Stack limits were additionally maintained in pseudo-smi roots.
"Pseudo", because we stored the raw limit pointers there, just making
sure their values looked like smis by masking the least significant
bits.

This mechanism is no longer needed now that we can access the stack
limit external references as efficiently as the smi roots.

Bug: v8:9534
Change-Id: I37e78851c97aebc1012ea0e95075e56366a40a73
Reviewed-on: https://chromium-review.googlesource.com/c/v8/v8/+/1745339
Commit-Queue: Jakob Gruber <jgruber@chromium.org>
Reviewed-by: Michael Starzinger <mstarzinger@chromium.org>
Cr-Commit-Position: refs/heads/master@{#63183}

src/builtins/arm/builtins-arm.cc

@@ -90,12 +90,24 @@ static void GenerateTailCallToReturnedCode(MacroAssembler* masm,
 
 namespace {
 
+void LoadRealStackLimit(MacroAssembler* masm, Register destination) {
+  DCHECK(masm->root_array_available());
+  Isolate* isolate = masm->isolate();
+  ExternalReference limit = ExternalReference::address_of_real_jslimit(isolate);
+  DCHECK(TurboAssembler::IsAddressableThroughRootRegister(isolate, limit));
+
+  intptr_t offset =
+      TurboAssembler::RootRegisterOffsetForExternalReference(isolate, limit);
+  CHECK(is_int32(offset));
+  __ ldr(destination, MemOperand(kRootRegister, offset));
+}
+
 void Generate_StackOverflowCheck(MacroAssembler* masm, Register num_args,
                                  Register scratch, Label* stack_overflow) {
   // Check the stack for overflow. We are not trying to catch
   // interruptions (e.g. debug break and preemption) here, so the "real stack
   // limit" is checked.
-  __ LoadRoot(scratch, RootIndex::kRealStackLimit);
+  LoadRealStackLimit(masm, scratch);
   // Make scratch the space we have left. The stack might already be overflowed
   // here which will cause scratch to become negative.
   __ sub(scratch, sp, scratch);
@@ -428,7 +440,8 @@ void Builtins::Generate_ResumeGeneratorTrampoline(MacroAssembler* masm) {
   // Check the stack for overflow. We are not trying to catch interruptions
   // (i.e. debug break and preemption) here, so check the "real stack limit".
   Label stack_overflow;
-  __ CompareRoot(sp, RootIndex::kRealStackLimit);
+  LoadRealStackLimit(masm, scratch);
+  __ cmp(sp, scratch);
   __ b(lo, &stack_overflow);
 
   // Push receiver.
@@ -1116,7 +1129,7 @@ void Builtins::Generate_InterpreterEntryTrampoline(MacroAssembler* masm) {
     // Do a stack check to ensure we don't go over the limit.
     Label ok;
     __ sub(r9, sp, Operand(r4));
-    __ LoadRoot(r2, RootIndex::kRealStackLimit);
+    LoadRealStackLimit(masm, r2);
     __ cmp(r9, Operand(r2));
     __ b(hs, &ok);
     __ CallRuntime(Runtime::kThrowStackOverflow);
@@ -2089,7 +2102,7 @@ void Generate_PushBoundArguments(MacroAssembler* masm) {
 
         // Compute the space we have left.
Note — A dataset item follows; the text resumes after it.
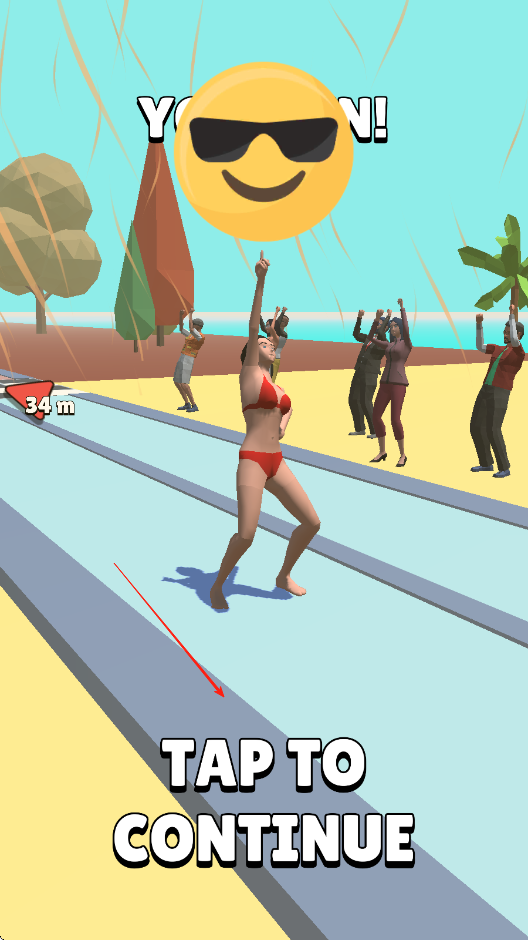 3、保持速度沖刺到終點(diǎn),率先越過終點(diǎn)線完成比賽,根據(jù)收集的衣物和道具獲得評分,解鎖新關(guān)卡和更具挑戰(zhàn)性的賽道。

The stack might already be overflowed
         // here which will cause remaining_stack_size to become negative.
-        __ LoadRoot(remaining_stack_size, RootIndex::kRealStackLimit);
+        LoadRealStackLimit(masm, remaining_stack_size);
         __ sub(remaining_stack_size, sp, remaining_stack_size);
 
         // Check if the arguments will overflow the stack.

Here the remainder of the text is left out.